1'-O-methyl-averantin isolated from the endolichenic fungus Jackrogersella sp. EL001672 suppresses colorectal cancer stemness via sonic Hedgehog and Notch signaling.

机构信息

College of Pharmacy, Sunchon National University, 255 Jungang-ro, Sunchon, Jeonnam, 57922, Republic of Korea.

Department of Chemistry and Nanoscience, Ewha Womans University, Seoul, 03760, Republic of Korea.

出版信息

Sci Rep. 2023 Feb 16;13(1):2811. doi: 10.1038/s41598-023-28773-z.

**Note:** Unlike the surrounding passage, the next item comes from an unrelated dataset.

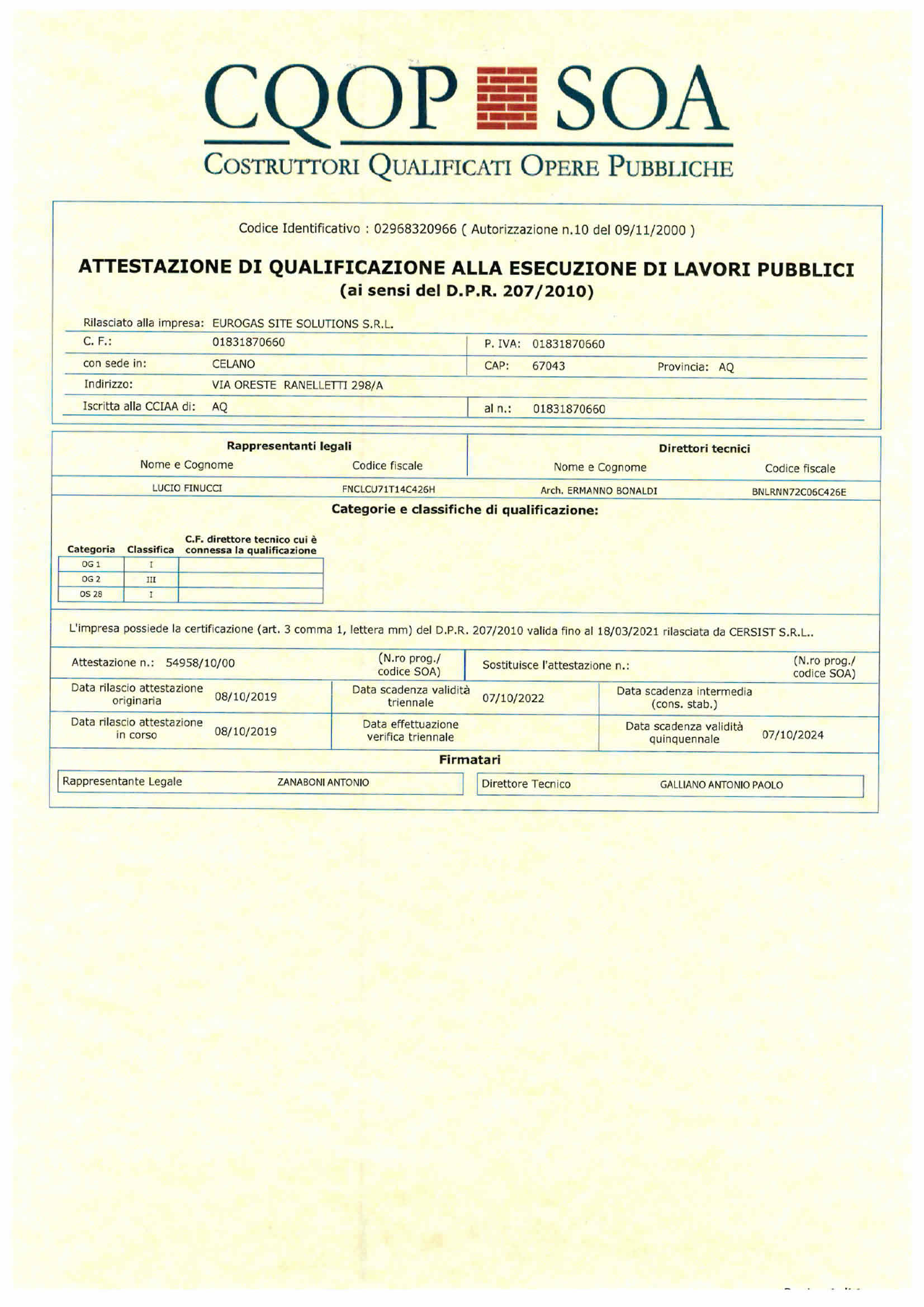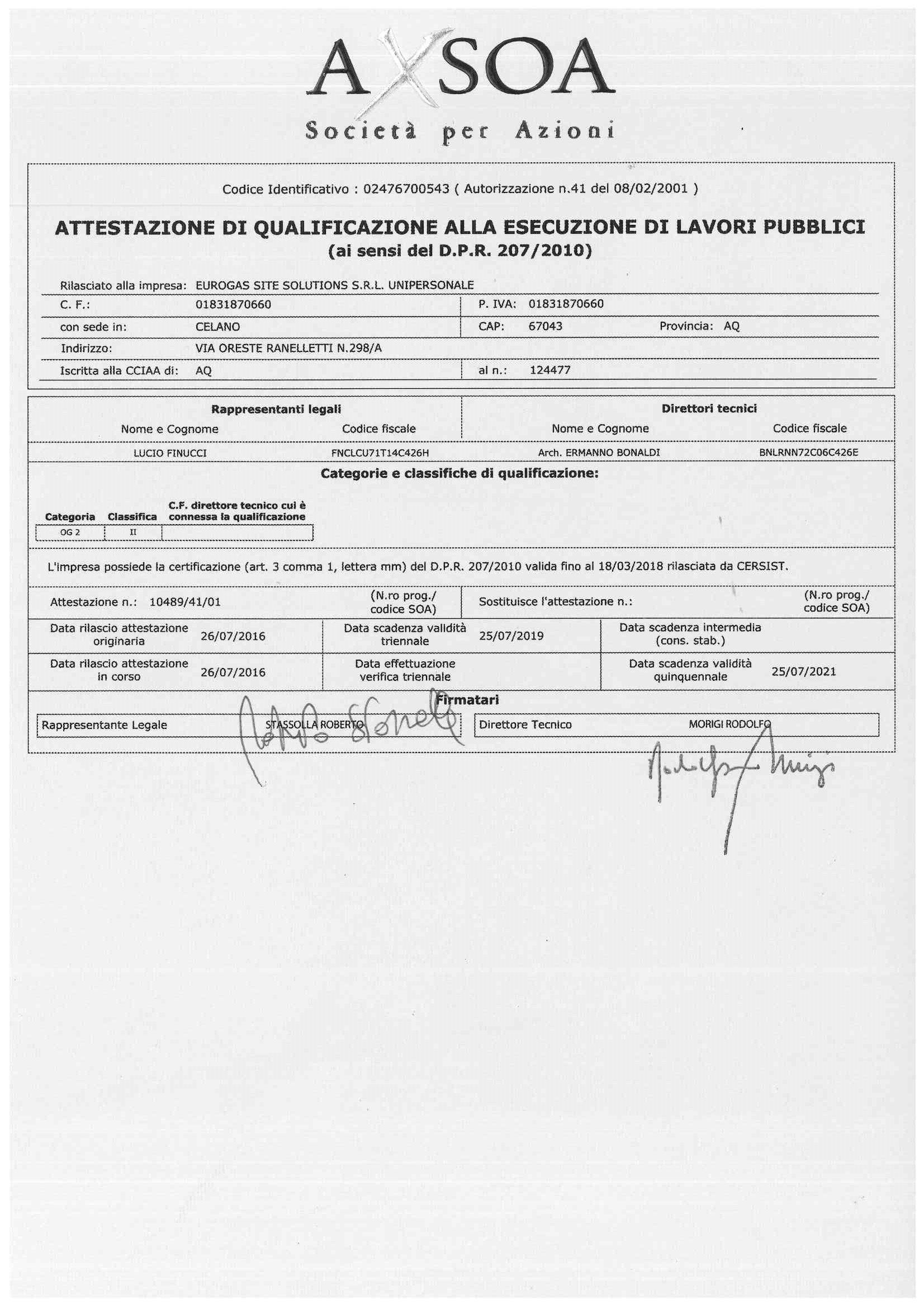 Opere di demolizione, opere di restauro, realizzazione di impianto termico, idraulico e gas; opere di tinteggiatura; CAT. OG11, OG2; ANNO 2016/2017

DOI:10.1038/s41598-023-28773-z
PMID:36797277
原文链接:https://pmc.ncbi.nlm.nih.gov/articles/PMC9935543/
Abstract

Endolichenic fungi are host organisms that live on lichens and produce a wide variety of secondary metabolites. Colorectal cancer stem cells are capable of self-renewal and differentiation into cancer cells, which makes cancers difficult to eradicate. New alternative therapeutics are needed to inhibit the growth of tumor stem cells. This study examined the ability of an extract of Jackrogersella sp. EL001672 (derived from the lichen Cetraria sp.) and the isolated compound 1'-O-methyl-averantin to inhibit development of cancer stemness. The endolichenic fungus Jackrogersella sp. EL001672 (KACC 83021BP), derived from Cetraria sp., was grown in culture medium. The culture broth was extracted with acetone to obtain a crude extract. Column chromatography and reverse-phase HPLC were used to isolate an active compound. The anticancer activity of the extract and the isolated compound was evaluated by qRT-PCR and western blotting, and in cell viability, spheroid formation, and reporter assays. The acetone extract of EL001672 did not affect cell viability. However, 1'-O-methyl-averantin showed cytotoxic effects against cancer cell lines at 50 μg/mL and 25 μg/mL. Both the crude extract and 1'-O-methyl-averantin suppressed spheroid formation in CRC cell lines, and downregulated expression of stemness markers ALDH1, CD44, CD133, Lgr-5, Msi-1, and EphB1. To further characterize the mechanism underlying anti-stemness activity, we examined sonic Hedgehog and Notch signaling. The results showed that the crude extract and the 1'-O-methyl-averantin inhibited Gli1, Gli2, SMO, Bmi-1, Notch-1, Hes-1, and the CSL complex. Consequently, an acetone extract and 1'-O-methyl-averantin isolated from EL001672 suppresses colorectal cancer stemness by regulating the sonic Hedgehog and Notch signaling pathways.

摘要

内生真菌是生活在地衣上并产生多种次生代谢物的宿主生物。结直肠癌细胞干细胞能够自我更新并分化为癌细胞,这使得癌症难以根除。需要新的替代疗法来抑制肿瘤干细胞的生长。本研究检查了 Jackrogersella sp. EL001672 提取物(源自地衣 Cetraria sp.)和分离得到的化合物 1'-O-甲基-averantin 抑制癌症干细胞特性发展的能力。内生真菌 Jackrogersella sp. EL001672(KACC 83021BP),源自 Cetraria sp.,在培养基中培养。用丙酮从培养液中提取得到粗提物。使用柱层析和反相高效液相色谱法分离活性化合物。通过 qRT-PCR 和 Western blot 以及细胞活力、球体形成和报告基因检测评估提取物和分离化合物的抗癌活性。EL001672 的丙酮提取物不影响细胞活力。然而,1'-O-甲基-averantin 在 50μg/mL 和 25μg/mL 时对癌细胞系表现出细胞毒性作用。粗提物和 1'-O-甲基-averantin 均抑制 CRC 细胞系球体形成,并下调干细胞标志物 ALDH1、CD44、CD133、Lgr-5、Msi-1 和 EphB1 的表达。为了进一步研究抗干细胞特性的作用机制,我们检查了 Sonic Hedgehog 和 Notch 信号通路。结果表明,粗提物和 1'-O-甲基-averantin 抑制 Gli1、Gli2、SMO、Bmi-1、Notch-1、Hes-1 和 CSL 复合物。因此,EL001672 中的丙酮提取物和 1'-O-甲基-averantin 通过调节 Sonic Hedgehog 和 Notch 信号通路抑制结直肠癌细胞的干细胞特性。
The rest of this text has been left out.